→ What you will do: Each line from the one with "72825809 Grainau Zugspitzdorf" through the last line below must be written out exactly. Do not copy pictures.

→ Dataset excerpts:
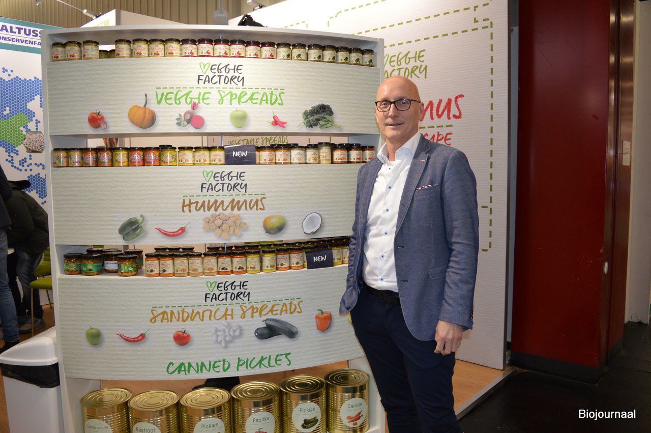 Ruben Bringsken van Baltussen Konservenfabriek met naast hem de nieuwe productlijn van het merk Veggie Factory.
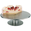 Roterende kakefat på fot Ø 30,5 cm fra APS, laget av rustfritt stål med en stilren og praktisk løsning for servering av kaker og bakverk. Fatet er mattpolert for et elegant utseende og har en roterende funksjon som gjør det enkelt å dekorere og nå hele kaken uten besvær. Den møbelvennlige undersiden beskytter bordflater mot riper og skader, noe som gjør dette kakefatet perfekt for både profesjonelle kjøkken og festlige anledninger. En utmerket detalj for å heve presentasjonen av dine søtsaker!
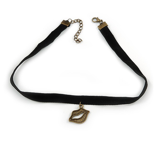 Black Velour Choker Necklace with Bronze Tone Lips Pendant - 34cm L/ 4cm Ext
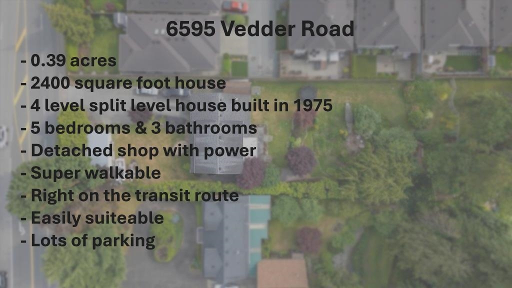 Opportunity Knocks in One of Chilliwack's Fastest-Growing Corridors! This well-maintained split-level home sits on a spacious lot with endless potential. Featuring 4 bedrooms, 2 bathrooms, and multiple living areas, there's plenty of room for family life or rental income. The home is solid and functional, with tons of potential to personalize or hold while values rise. The property is designated Medium Density in the OCP, making it a prime candidate for future townhouse or apartment development. Located just steps from schools, shopping, transit, and the Vedder River trail, and neighboring a 41-unit strata, this is both a smart home purchase and a strategic land play. Live in it, rent it, or plan for what's next - this is an opportunity you don't want to miss.
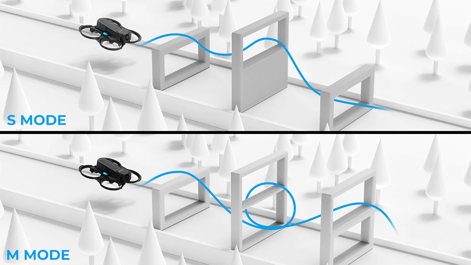 Для тех, кто готов к продвижению по карьерной лестнице. Режимы S и M отключают все вспомогательные функции, предоставляя опытным пилотам полный, ничем не ограниченный контроль при выполнении переворотов, бочек и точных маневров.
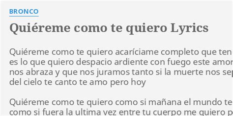 Como Te Quiero Lyrics. Web como te quiero yo a ti quizas me muera llorando, soñando, esperando un amor que nunca vendra quizas me muera sufriendo, ofreciendo las cosas mas bonitas de mi amor. Como el viento que canta y sopla.
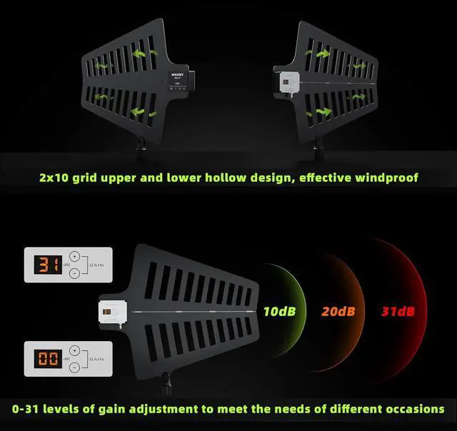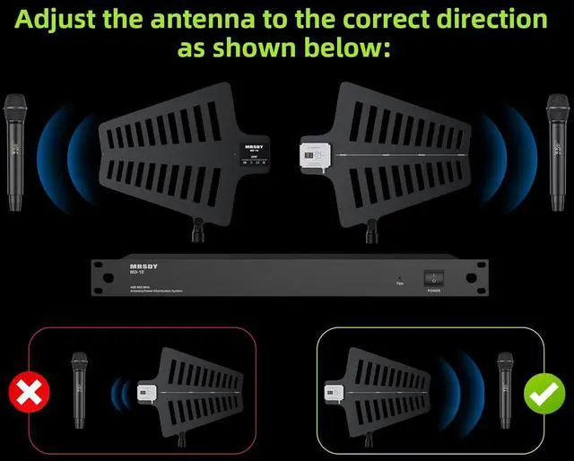 DIRECTIONAL ANTENNA PADDLE The antennas has a unique exhaust air design, very easily mounted on stands or walls without fall. 360° perfect receiver signal, coverage every angle, microphone transmission is more stable. Have 0-31tap position gain adjustment to compensate for different situation signal loss. Signal reception distance up to 2200 ft.
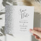 The left-hand edge of this elegant modern wedding save the date card features a silver faux glitter border. The customizable text combines charcoal gray handwriting, copperplate and italic fonts on a pale gray background. The reverse side features a matching pale gray and silver design.
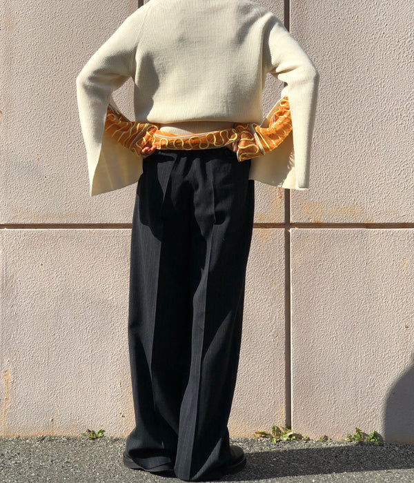 FUMIKA_UCHIDAからThick 2 Types Pinstriped/WIDE SLACKSが入荷しました。微妙に濃度が異なるチャコールグレーのヘリンボーン組織に2パターンのピンストライプをそれぞれに入れたオリジナル生地を使用の2インタックワイドスラックス。深い股上からの2タックで前後にボリュームを出しながらヒップラインは高めにすっきり見せ、ワタリから裾まで太さのあるシルエットと長いレングスのデザインは先シーズンからの継続型。ピンストライプのコンサバティブさとスタンダードなシルエットはニットやサーマルなどカジュアルでゆるさのある崩したバランスでの着用がおすすめです。
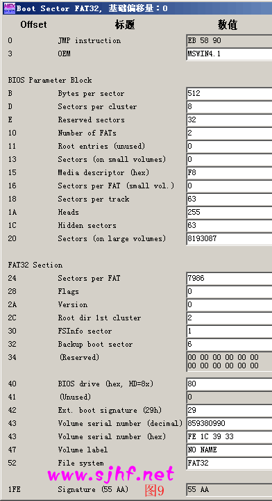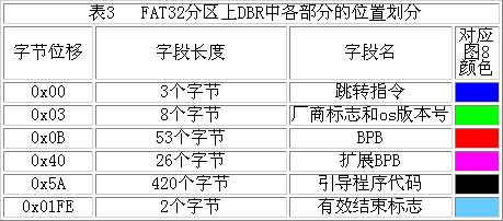 DBR区(DOS BOOT RECORD)即操作系统引导记录区的意思,通常占用分区的第0扇区共512个字节(特殊情况也要占用其它保留扇区,我们先说第0扇)。在这512个字节中,其实又是由跳转指令,厂商标志和操作系统版本号,BPB(BIOS Parameter Block),扩展BPB,os引导程序,结束标志几部分组成。 以用的最多的FAT32为例说明分区DBR各字节的含义。见图8。
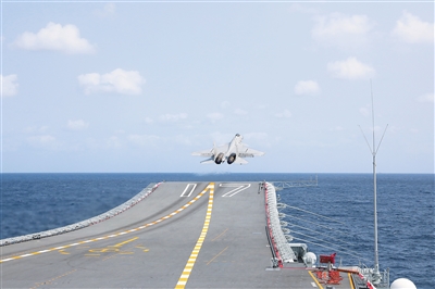 图为歼-15舰载机从海军山东舰起飞升空。新华社发(安妮 摄)
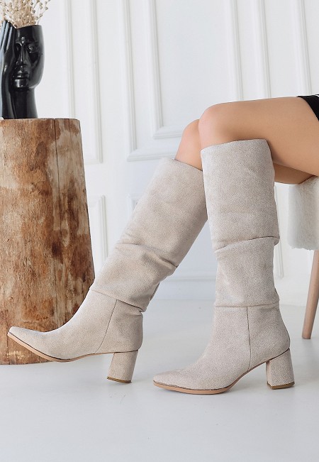 Pitay Bej Süet Topuklu Çizme - 257690
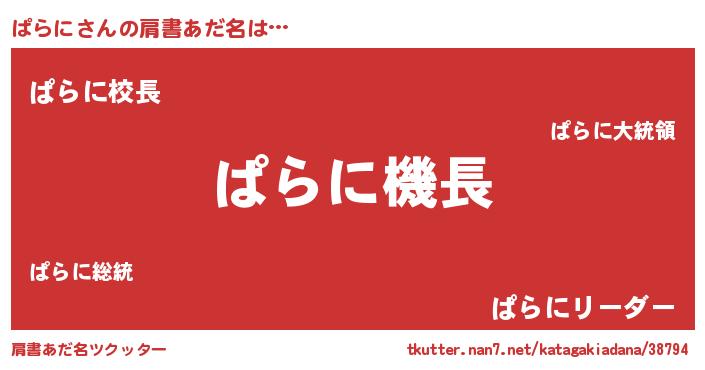 | 意味不明あだ名 | 『永久保存ぱらに』『ぱらにフォーエバー』 |
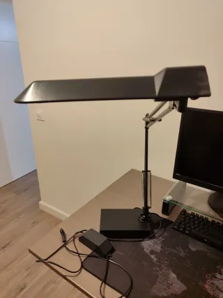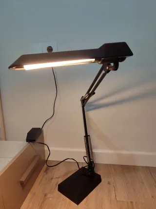 Flexo de diseño moderno para tu escritorio. Su brazo articulado permite ajustar la luz a la perfección. - Base estable. - Brazo articulado con resortes.
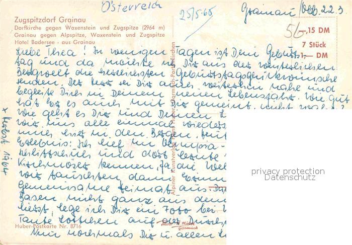 72825809 Grainau Zugspitzdorf Kirche Waxenstein Zugspitze Alpspitze Hotel Badersee postalisch nicht gelaufen Erhaltung siehe scans [LiesaD40] KatCode: 11110009180118
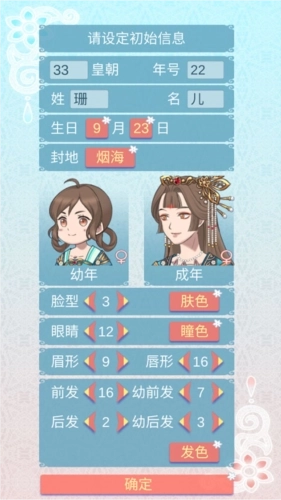 1、在游戏初始界面,选择并设置好人物的各项属性,以及姓名、年号等相关信息。

→ Solution for this problem:
 72825809 Grainau Zugspitzdorf Kirche Waxenstein Zugspitze Alpspitze Hotel Badersee postalisch nicht gelaufen Erhaltung siehe scans [LiesaD40] KatCode: 11110009180118
 1、在游戏初始界面,选择并设置好人物的各项属性,以及姓名、年号等相关信息。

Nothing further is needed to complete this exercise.